Multiheme cytochromes are redox-active proteins that can efficiently transfer electrons over biological membranes. Electrons flow through such proteins by sequential, thermally activated hops between the heme cofactors and their iron cations, following the Marcus theory of electron transfer. However, experimental measurements on the cytochrome-based junctions between metal contacts in vacuum yielded currents of relatively high magnitudes but practically no temperature dependence . These observations suggested that electrons could coherently tunnel through the protein structures on their way from one electrode to another . Yet, the efficiency of the tunneling mechanism is known to decay exponentially with the distance and cannot explain transport through extraordinary wide junctions.

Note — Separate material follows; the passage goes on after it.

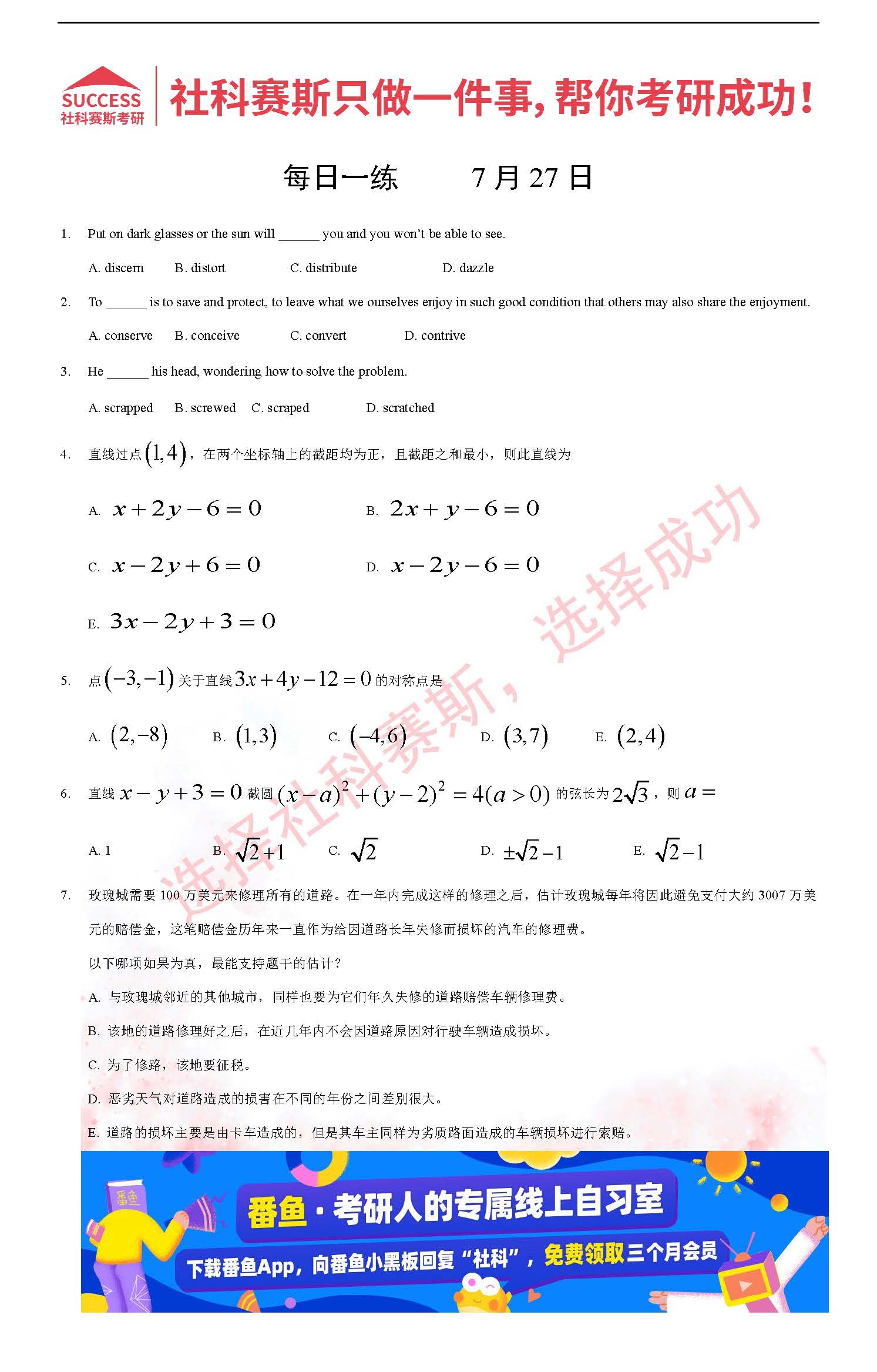 導讀:考研是一場持久戰(zhàn),保持良好的學習習慣,是能確保復習高效的關(guān)鍵。今天社科賽斯MBA備考網(wǎng)小編整理了“2022管理類聯(lián)考7月27日每日一練及答案”的內(nèi)容,希望能對廣大考生有所幫助。

In the presented theoretical study of stacked small-tetraheme cytochrome (STC) junctions between the gold electrodes, we investigate the distance and band-alignment dependencies of these two mechanisms using DFT calculations and current-voltage curve modeling. We show that the significant potential drop on the protein/metal interface severely hinders the incoherent hopping and supports the off-resonant tunneling as the transport mechanism. However, these two fundamentally different mechanisms begin to be competitive, or their preference is even swapped, as the protein states are brought closer to the electrode Fermi level. Therefore, the specific design of the protein/metal contacts or application of a gate potential controlling the protein electronic levels could drastically affect how electronic charges pass through the redox proteins in nanoelectronic devices.
 Futera, Z. et al.: Coherent Electron Transport across a 3 nm Bioelectronic Junction Made of Multi-Heme Proteins. J. Phys. Chem. Lett. 11, 9766-9774, 2020.